# TO DO
Retype the whole listing that follows, line for line.

# RECORD EXTRACTS
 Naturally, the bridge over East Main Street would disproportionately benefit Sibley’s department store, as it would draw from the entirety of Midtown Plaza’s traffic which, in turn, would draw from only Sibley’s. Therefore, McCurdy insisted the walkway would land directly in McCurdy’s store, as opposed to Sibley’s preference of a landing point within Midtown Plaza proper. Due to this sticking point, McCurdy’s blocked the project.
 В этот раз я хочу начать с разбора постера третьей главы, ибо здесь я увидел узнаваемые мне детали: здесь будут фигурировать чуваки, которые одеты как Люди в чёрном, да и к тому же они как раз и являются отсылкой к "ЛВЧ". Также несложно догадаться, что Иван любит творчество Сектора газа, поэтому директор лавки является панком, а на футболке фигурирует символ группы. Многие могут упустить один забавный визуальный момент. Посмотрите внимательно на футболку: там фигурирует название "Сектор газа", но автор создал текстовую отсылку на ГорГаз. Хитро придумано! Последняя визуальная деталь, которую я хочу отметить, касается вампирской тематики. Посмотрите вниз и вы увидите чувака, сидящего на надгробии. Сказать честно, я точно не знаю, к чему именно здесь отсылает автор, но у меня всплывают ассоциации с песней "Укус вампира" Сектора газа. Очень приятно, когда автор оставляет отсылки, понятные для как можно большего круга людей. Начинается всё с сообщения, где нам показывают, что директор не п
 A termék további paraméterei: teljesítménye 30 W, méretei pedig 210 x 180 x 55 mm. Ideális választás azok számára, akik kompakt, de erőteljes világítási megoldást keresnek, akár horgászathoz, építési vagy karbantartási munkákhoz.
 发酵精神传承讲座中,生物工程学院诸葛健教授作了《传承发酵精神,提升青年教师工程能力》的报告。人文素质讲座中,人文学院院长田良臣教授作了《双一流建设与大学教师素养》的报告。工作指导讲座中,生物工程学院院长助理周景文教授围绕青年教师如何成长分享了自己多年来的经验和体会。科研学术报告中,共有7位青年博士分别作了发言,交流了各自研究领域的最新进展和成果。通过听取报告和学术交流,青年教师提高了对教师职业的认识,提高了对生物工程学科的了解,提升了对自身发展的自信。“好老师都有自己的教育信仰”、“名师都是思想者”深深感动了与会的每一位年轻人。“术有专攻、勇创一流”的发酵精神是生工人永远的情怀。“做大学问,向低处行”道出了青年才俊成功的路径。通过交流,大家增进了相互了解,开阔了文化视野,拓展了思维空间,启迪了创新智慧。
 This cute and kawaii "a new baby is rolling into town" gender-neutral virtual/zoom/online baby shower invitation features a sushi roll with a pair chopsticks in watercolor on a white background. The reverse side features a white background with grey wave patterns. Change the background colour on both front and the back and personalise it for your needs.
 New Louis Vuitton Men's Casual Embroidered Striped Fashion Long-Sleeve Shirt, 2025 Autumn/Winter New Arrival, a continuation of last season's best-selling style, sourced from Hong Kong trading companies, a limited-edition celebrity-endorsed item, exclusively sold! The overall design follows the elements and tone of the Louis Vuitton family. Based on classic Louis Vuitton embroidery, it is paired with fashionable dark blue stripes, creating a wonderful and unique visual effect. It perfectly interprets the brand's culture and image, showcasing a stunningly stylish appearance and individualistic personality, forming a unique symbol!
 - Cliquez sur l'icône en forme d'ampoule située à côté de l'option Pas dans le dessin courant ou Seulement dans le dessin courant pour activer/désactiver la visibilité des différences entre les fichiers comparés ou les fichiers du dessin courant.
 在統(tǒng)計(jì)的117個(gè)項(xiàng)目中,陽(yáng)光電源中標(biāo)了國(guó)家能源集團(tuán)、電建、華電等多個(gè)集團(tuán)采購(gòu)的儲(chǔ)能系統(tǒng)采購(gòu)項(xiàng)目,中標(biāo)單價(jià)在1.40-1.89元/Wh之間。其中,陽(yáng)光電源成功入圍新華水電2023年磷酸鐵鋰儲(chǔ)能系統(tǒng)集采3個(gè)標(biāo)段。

# WRITTEN ANSWER
 Naturally, the bridge over East Main Street would disproportionately benefit Sibley’s department store, as it would draw from the entirety of Midtown Plaza’s traffic which, in turn, would draw from only Sibley’s. Therefore, McCurdy insisted the walkway would land directly in McCurdy’s store, as opposed to Sibley’s preference of a landing point within Midtown Plaza proper. Due to this sticking point, McCurdy’s blocked the project.
 В этот раз я хочу начать с разбора постера третьей главы, ибо здесь я увидел узнаваемые мне детали: здесь будут фигурировать чуваки, которые одеты как Люди в чёрном, да и к тому же они как раз и являются отсылкой к "ЛВЧ". Также несложно догадаться, что Иван любит творчество Сектора газа, поэтому директор лавки является панком, а на футболке фигурирует символ группы. Многие могут упустить один забавный визуальный момент. Посмотрите внимательно на футболку: там фигурирует название "Сектор газа", но автор создал текстовую отсылку на ГорГаз. Хитро придумано! Последняя визуальная деталь, которую я хочу отметить, касается вампирской тематики. Посмотрите вниз и вы увидите чувака, сидящего на надгробии. Сказать честно, я точно не знаю, к чему именно здесь отсылает автор, но у меня всплывают ассоциации с песней "Укус вампира" Сектора газа. Очень приятно, когда автор оставляет отсылки, понятные для как можно большего круга людей. Начинается всё с сообщения, где нам показывают, что директор не п
 A termék további paraméterei: teljesítménye 30 W, méretei pedig 210 x 180 x 55 mm. Ideális választás azok számára, akik kompakt, de erőteljes világítási megoldást keresnek, akár horgászathoz, építési vagy karbantartási munkákhoz.
 发酵精神传承讲座中,生物工程学院诸葛健教授作了《传承发酵精神,提升青年教师工程能力》的报告。人文素质讲座中,人文学院院长田良臣教授作了《双一流建设与大学教师素养》的报告。工作指导讲座中,生物工程学院院长助理周景文教授围绕青年教师如何成长分享了自己多年来的经验和体会。科研学术报告中,共有7位青年博士分别作了发言,交流了各自研究领域的最新进展和成果。通过听取报告和学术交流,青年教师提高了对教师职业的认识,提高了对生物工程学科的了解,提升了对自身发展的自信。“好老师都有自己的教育信仰”、“名师都是思想者”深深感动了与会的每一位年轻人。“术有专攻、勇创一流”的发酵精神是生工人永远的情怀。“做大学问,向低处行”道出了青年才俊成功的路径。通过交流,大家增进了相互了解,开阔了文化视野,拓展了思维空间,启迪了创新智慧。
 This cute and kawaii "a new baby is rolling into town" gender-neutral virtual/zoom/online baby shower invitation features a sushi roll with a pair chopsticks in watercolor on a white background. The reverse side features a white background with grey wave patterns. Change the background colour on both front and the back and personalise it for your needs.
 New Louis Vuitton Men's Casual Embroidered Striped Fashion Long-Sleeve Shirt, 2025 Autumn/Winter New Arrival, a continuation of last season's best-selling style, sourced from Hong Kong trading companies, a limited-edition celebrity-endorsed item, exclusively sold! The overall design follows the elements and tone of the Louis Vuitton family. Based on classic Louis Vuitton embroidery, it is paired with fashionable dark blue stripes, creating a wonderful and unique visual effect. It perfectly interprets the brand's culture and image, showcasing a stunningly stylish appearance and individualistic personality, forming a unique symbol!
 - Cliquez sur l'icône en forme d'ampoule située à côté de l'option Pas dans le dessin courant ou Seulement dans le dessin courant pour activer/désactiver la visibilité des différences entre les fichiers comparés ou les fichiers du dessin courant.
 在統(tǒng)計(jì)的117個(gè)項(xiàng)目中,陽(yáng)光電源中標(biāo)了國(guó)家能源集團(tuán)、電建、華電等多個(gè)集團(tuán)采購(gòu)的儲(chǔ)能系統(tǒng)采購(gòu)項(xiàng)目,中標(biāo)單價(jià)在1.40-1.89元/Wh之間。其中,陽(yáng)光電源成功入圍新華水電2023年磷酸鐵鋰儲(chǔ)能系統(tǒng)集采3個(gè)標(biāo)段。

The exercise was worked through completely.